La France, particulièrement en pointe dans ce domaine, a également intérêt à approfondir son partenariat avec l'Inde, qui sera un acteur majeur de l'énergie nucléaire civile dans les prochaines années.

L'accord du 30 septembre 2008 répond précisément à cet objectif. Il fixe un cadre très large à notre coopération avec l'Inde, qui concernera tous les domaines liés à l'utilisation pacifique de l'atome, y compris le cycle du combustible et le retraitement des déchets.

Surtout, le texte repose sur un équilibre entre les concessions faites à l'Inde pour garantir l'approvisionnement de ses centrales, et des stipulations visant à éviter que les activités ainsi menées avec la France ne soient potentiellement proliférantes. En cela, le présent accord ne diffère pas de celui signé le 10 octobre entre l'Inde et les Etats-Unis.

En effet, pour l'Inde, la sécurité des approvisionnements est un objectif majeur, comme je l'ai indiqué précédemment. La France s'engage ainsi à garantir un flux régulier d'approvisionnement, en incitant notamment l'Inde à participer à des initiatives de banque commune de combustible.

En contrepartie, les deux Etats s'engagent à soumettre l'intégralité des activités menées en partenariat, et tous les éléments nucléaires utilisés dans ce cadre, au contrôle de l'AIEA, et aux normes les plus strictes en matière de sûreté nucléaire et de protection physique des installations et des matières.

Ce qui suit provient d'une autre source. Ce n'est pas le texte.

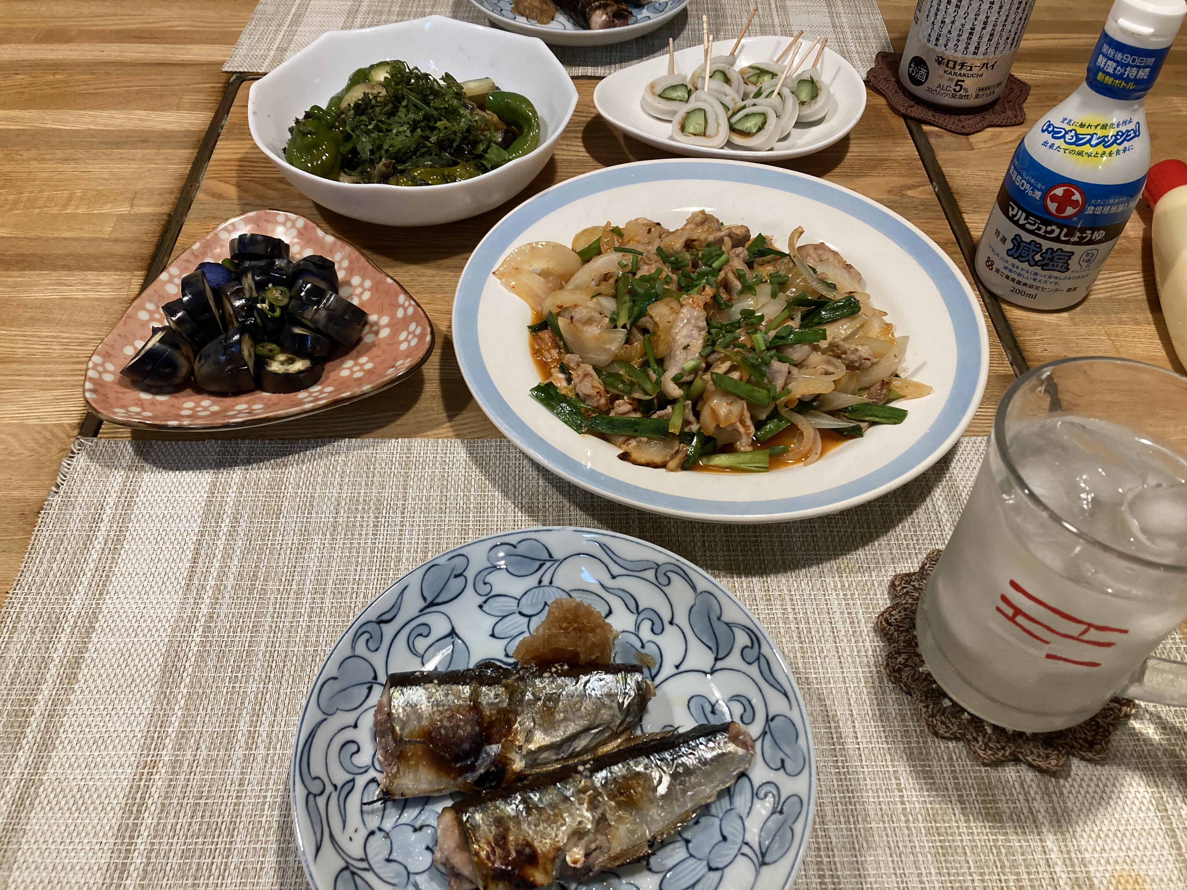 2025年9月20日blogyoko 手が出ない サンマと豚キムチ&茄子と万願寺の煮浸しの 夕食です。 相棒は豚キムチをせっせっと食べ、私は 煮浸しを茄子と万願寺が続きすぎて飽きて しまったようです。 相棒どうしても手が出ないようで〜す。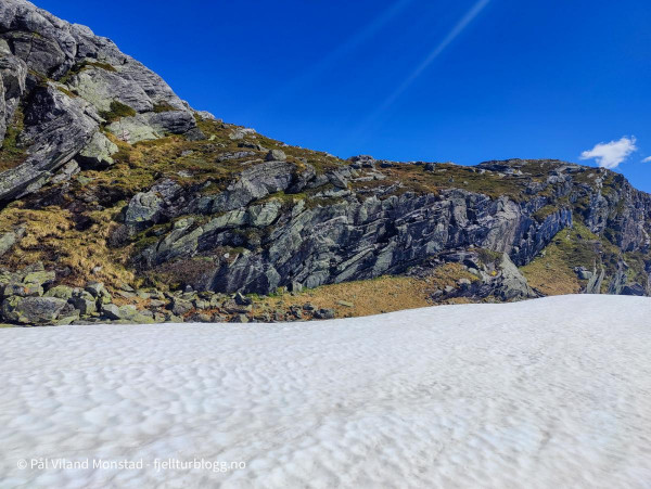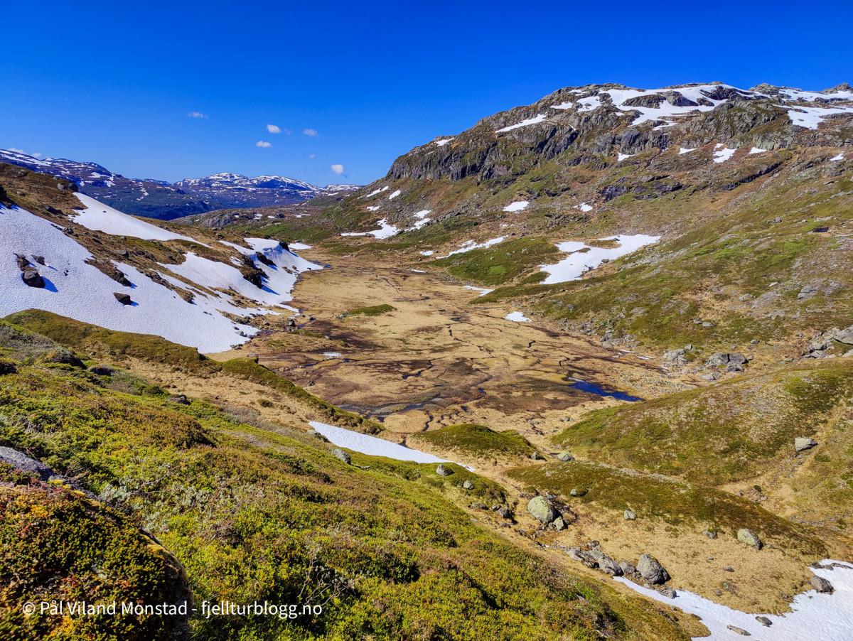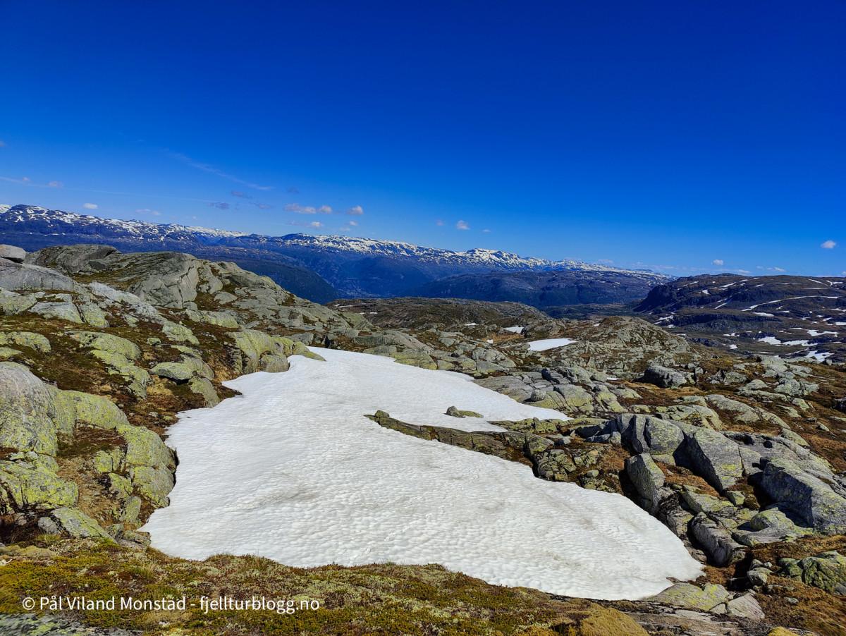 Jeg kom meg greit ned fra platået, og fortsatte turen over mer eller mindre sammenhengende snøfonn vestover mot Botnanuten 1273 moh. Mindre snø etter som jeg kom noe lavere og lenger vest. På veien tok jeg en lenger pause i det flotte været.

Mes chers collègues, l'accord de coopération nucléaire civile entre la France et l'Inde, du 30 septembre 2008, a été rendu possible par le choix unanime des 47 Etats impliqués dans le contrôle des exportations nucléaires d'autoriser le commerce de produits et de technologies nucléaires vers l'Inde.

Dès la publication de cette décision, l'Inde a noué des partenariats avec les principales puissances nucléaires, dont les retombées commerciales ont été immédiates.

Le texte du présent accord présente des garanties importantes en matière de lutte contre la prolifération, auxquelles il faut ajouter les engagements pris par l'Inde vis-à-vis de l'AIEA et de l'ensemble de la communauté internationale dans ce domaine.

Dès lors, j'estime que l'approbation de ce texte, loin de représenter un risque de prolifération, permettra aux technologies électronucléaires françaises d'aider l'Inde à répondre à ses défis énergétiques, tout en rapprochant encore davantage ce pays du système international de lutte contre la prolifération nucléaire et des systèmes internationaux de vérification de la sûreté des installations nucléaire.